# prepping for small game now.



## john warren (Jan 25, 2005)

got my "new to me" marlin model 60,,, need to get to the range with it and sight it in real good. have a little over 1000 rounds of .22 lr
a ton of ammo for both my 20 ga and 12 ga. have my crow decoys , duck , goose, and turkey all cleaned, tested and ready to deploy.
went over my calls last night need a new duck call and not crazy about my goose call. crow calls are good as are a variety of turkey calls, and owl call.
i do have a favorite od OLT squirrel call that the bellows finaly rotted off. but i also had a hs squirrel call that the reed fell apart on. just to see what it would do i put the hs bellows on the Olt call,,,, holy bucked toothed bandit batman! that thing works great! better volume more control, and by jiggling it briskly does an awsome squirrel chatter. the old wood barrel i filed notches in years ago, and if you scrape an empty shell on it sounds just like a squirrel chewing a nut shell... rarely fails to trick other squirrels to come investigate the food source. that plus a distress whistle i have on the same lanyard makes a great call set up.
been getting my little squirrel dog out and running for exercise keeping her nails nice and trim and she has been treeing squirrel like she knows season is near. even my lazy old cocker seems to want to get in the woods,,,but i fear that would explode his fat old heart. just the same he went in for a field cut today and i will get him out . if it kills him he will go with a big fat "wag" on his tail and a sloppy grin on his face.
washed and repaired my old game vest,,, lol you should see the terrier go nuts when i pull that out..smelling of about a hundred or so squirrel i toted in it last year. have to think about replacing it,,, to be honest it seems to have shrunk up on me sometime during the last 20 or so years. at least thats my story and i'm stickin to it.
is everyone else starting to smell like they use gun oil for cologne?


----------



## Slug Gunner (Dec 7, 2006)

Plan on getting my stuff around this weekend and getting the guns oiled up.
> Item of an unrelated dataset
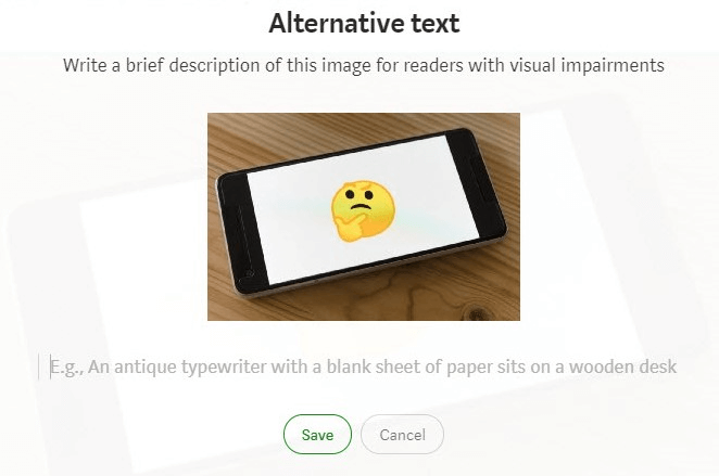 Medium helps you write proper alt texts by providing both an explanation and a full example.

My 6 yr old son is pretty excited about hunting with me this year so I think we'll make a trip and get him a vest so he can help carry anything we get. Need to make at least one more trip to the range and make sure everything on the Marlin 60 is dialed in. My dad borrowed my Ruger 10/22 this summer to deal with some raccoons that were tearing down his corn so I need to get that back and get a scope mounted back on it. Gotta make sure I have some shells for grandpa's old double barrel 16 gauge too!! Good luck this season. I'm ready for cool mornings, a thermos of coffee, and a large tree to sit up against and wait for the squirrels to start moving!!


----------



## ds541 (Dec 3, 2004)

As soon as the weather cools down I'll site in my 10-22 for some tree rats,
I have a range behind my house but the mosquito's are the size of bats and their mean.


----------



## dknollie (Feb 1, 2014)

Glad I'm not the only one getting fired up to get back in the woods for real. Go get em this season guys.


----------



## john warren (Jan 25, 2005)

i saw some nice youth vests at miejers. sew on some cool patches to make it his. and get him a slingshot, always a perfect first hunting weapon. my grandfather told me if i can get a squirrel with a slingshot he would get me a gun,lol took me two days till my whamo nailed one. and i earned a nice little .410 singleshot.
i still carry a slingshot everywhere i go , and the ladies at the office know on any given day i may go to the park and we will end up with a bagged squirrel in the office fridge. they know never to open the orange plastic bag if a dead critter will offend them.


----------



## john warren (Jan 25, 2005)

going to make my third trip to the range with my new .22today.
not sure why really at 50 yars i can only get one magazine of ammo on the target before the bull is gone and i have to patch it up.

guess i just want to make sure. dont like the heavines of the trigger pull but i'm not going to fool with i till after hunting season.

which,,,if you haven't been paying attention,,,,(giggle like a school kid) is real soon!


----------